U.S. Postal Service proposing to slow down delivery of first class mail

Here and Now

The U.S. Postal Service has unveiled plans to end all next day delivery of First Class mail.

The proposal, if approved by postal regulators, mean, starting next spring, most customers will instead receive mail in two to three days, even if it’s coming from a nearby town. This will allow the Postal Service to close roughly half of it’s nearly 500 mail processing centers.

This is all in an effort to stem the billions of dollars of losses the Postal Service has suffered in recent years and, hopefully, to stave off bankruptcy.

Ed O’Keefe, “Federal Eye” blogger for the Washington Post, said a few business customers will still be able to get some mail to customers via next day mail, but only if they meet specific requirements. For average mailers, they’ll be out of luck.

“Jack and Jill mailer who need to send something to Grandma, or send a letter to their lawyer, will have to wait two to three days,” O’Keefe said.

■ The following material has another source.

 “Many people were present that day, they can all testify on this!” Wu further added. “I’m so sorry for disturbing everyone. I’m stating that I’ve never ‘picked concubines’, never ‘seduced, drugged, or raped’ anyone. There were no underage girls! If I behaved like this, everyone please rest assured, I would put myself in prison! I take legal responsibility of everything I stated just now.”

In reality, O’Keefe said, most First Class was actually delivered over night. But declining volume has meant the USPS can’t justify keeping the infrastructure in place to support that. Mail peaked at 104 billion items in 2001 and has fallen to just 73.5 billion in 2010. Further drops are predicted.

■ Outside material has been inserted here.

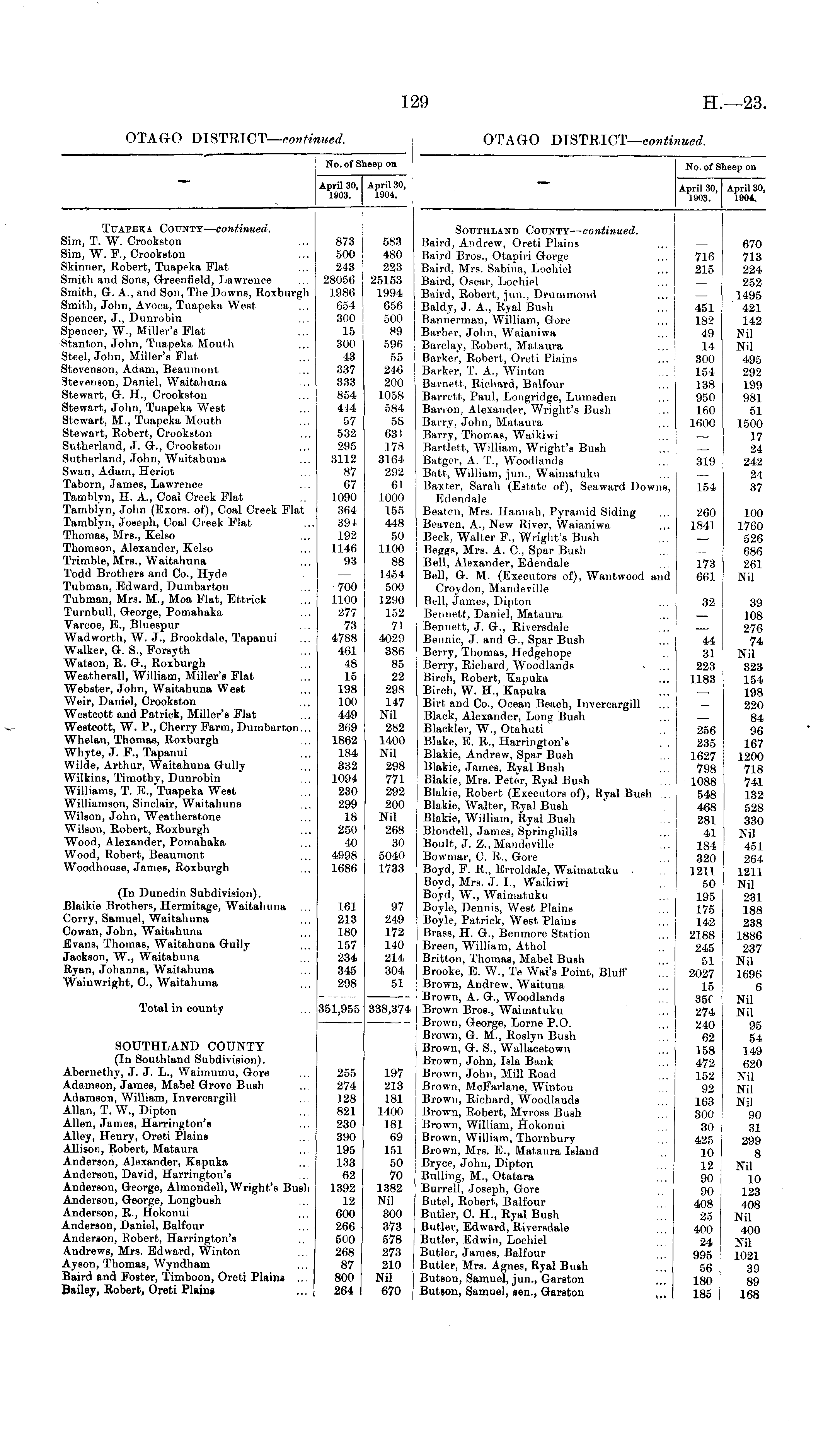 No. of Sheep on April 30, April 30, 1903. 1904. Southland County— continued. Baird, Andrew, Oreti Plains Baird Bros., Otapiri Gorge Baird, Mrs. Sabina, Lochiel Baird, Oscar, Lochiel Baird, Robert, jun., Drummond Baldy, J. A., Ryal Bush Banuermai], William, Gore Barber, John, Waianiwa Barclay, Robert, Mataura Barker, Robert, Oreti Plains Barker, T. A., Winton Barnett, Richard, Balfour Barrett, Paul, Longridge, Lumsden Barron, Alexander, Wright's Bush Barry, John, Mataura Barry, Thomas, Waikiwi Bartlett, William, Wright's Bush Batger, A. T., Woodlands Batt, William, jun., Waimatuku Baxter, Sarah (Estate of), Seaward Downs, Edendale Beaten, Mrs. Hannah, Pyramid Siding Beaven, A., New River, Waianiwa Beck, Walter F., Wright's Bush Beggs, Mrs. A. C., Spar Bush Bell, Alexander, Edendale Bell, G. M. (Executors of), Wantwood and Croydon, Mandeville Bell, James, Dipton Bennett, Daniel, Mataura Bennett, J. G., Riversdale Bennie, J. and G., Spar Bush Berry, Thomas, Hedgehope Berry, Richard, Woodlands , ... Birch, Robert, Kapuka Birch, W. H., Kapuka Birt and Co., Ocean Beach, Invercargill Black, Alexander, Long Bush Blackler, W., Otahuti Blake, E. R., Harrington's Blakie, Andrew, Spar Bush Blakie, James, Ryal Bush Blakie, Mrs. Peter, Ryal Bush Blakie, Robert (Executors of), Ryal Bush ... Blakie, Walter, Ryal Bush Blakie, William, Ryal Bush Bloiidell, James, Springhills Boult, J. Z., Mandeville Bowmar, C. R., Gore Boyd, F. R., Erroldale, Waimatuku . Boyd, Mrs. J. I., Waikiwi Boyd, W., Waimatuku Boyle, Dennis, West Plains Boyle, Patrick, West Plains Brass, H. G., Benmore Station Breen, William, Athol Britton, Thomas, Mabel Bush Brooke, E. W., Te Wai's Point, Bluff Brown, Andrew, Waituna Brown, A. G., Woodlands Brown Bros., Waimatuku Brown, George, Lome P.O. Brown, G. M., Roslyn Bush Brown, G. S., Wallaeetown Brown, John, Isla Bank Brown, John, Mill Road Brown, McFarlane, Winton Brown, Richard, Woodlands Brown, Robert, Myross Bush Brown, William, Hokonui Brown, William, Thornbury Brown, Mrs. E., Mataura Island Bryce, John, Dipton Bulling, M., Otatara Burrell, Joseph, Gore Butel, Robert, Balfour Butler, C. H., Ryal Bush Butler, Edward, Riversdale Butler, Fjdwin, Lochiel Butler, James, Balfour Butler, Mrs. Agnes, Ryal Bush Butson, Samuel, jun., Garston Butson, Samuel, sen., Garston ,,, 716 215 451 182 49 14 300 154 138 950 160 1600 319 154 260 1841 173 661 32 44 31 223 1183 256 235 1627 798 1088 548 468 281 41 184 320 1211 50 195 175 142 2188 245 51 2027 15 35f 274 240 62 158 472 152 92 163 300 30 425 10 12 90 90 408 25 400 24 995 56 180 185 670 713 224 252 1495 421 142 Nil Nil 495 292 199 981 51 1500 17 24 242 24 37 100 1760 526 686 261 Nil 39 108 276 74 Nil 323 154 198 220 84 96 167 1200 718 741 132 528 330 Nil 451 264 1211 Nil 231 188 238 1886 237 Nil 1696 6 Nil Nil 95 54 149 620 Nil Nil Nil 90 31 299 8 Nil 10 123 408 Nil 400 Nil 1021 39 89 168

“That’s why they need to make an adjustment.

This won’t have any effect Express and Priority mail, which can still provide next-day service for individual mailers.

The Postal Service, a quasi-independent business that doesn’t receive tax dollars but does endure Congressional oversight, has been scrambling as it attempt to compete with private companies and remain compliant with special restrictions Congress has imposted upon it.

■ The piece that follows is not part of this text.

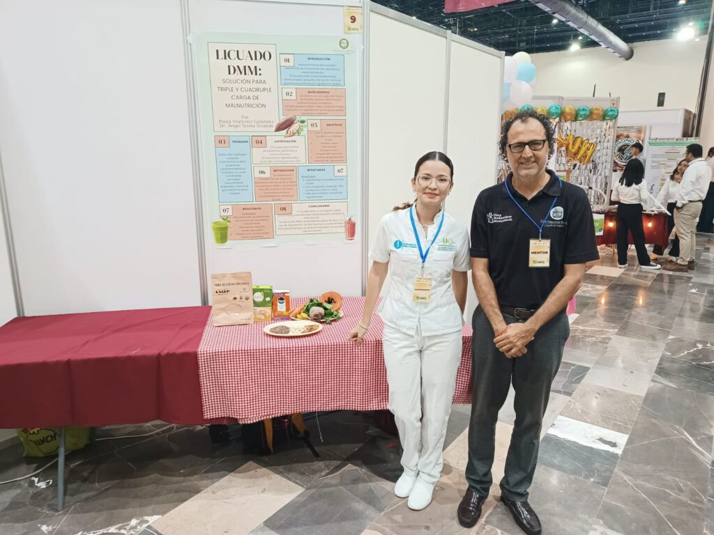 Asimismo, la estudiante Paola Martínez González, en colaboración con el doctor Ángel Sierra Ovando, presentó el proyecto «Licuado DMM: Solución para triple y cuádruple carga de malnutrición», el cual participa actualmente en el concurso de la Feria Estatal de Ciencia 2025, ampliando la presencia de la UO en las líneas de investigación vinculadas a la salud y la nutrición.

In addition to these proposals, the postal service is trying to get Congress to approve other proposals that can’t be implemented without legislative authority, such as end Saturday delivery and close thousands of post offices.

“Problem is, because the Postal Service is written into the Constitution, it’s a government function,” O’Keefe said. “Yes it is a quasi-government entity, but it likes to behave more like a business. And problem is it has 535 (people on) a board of directors, who are members of the House and the Senate.”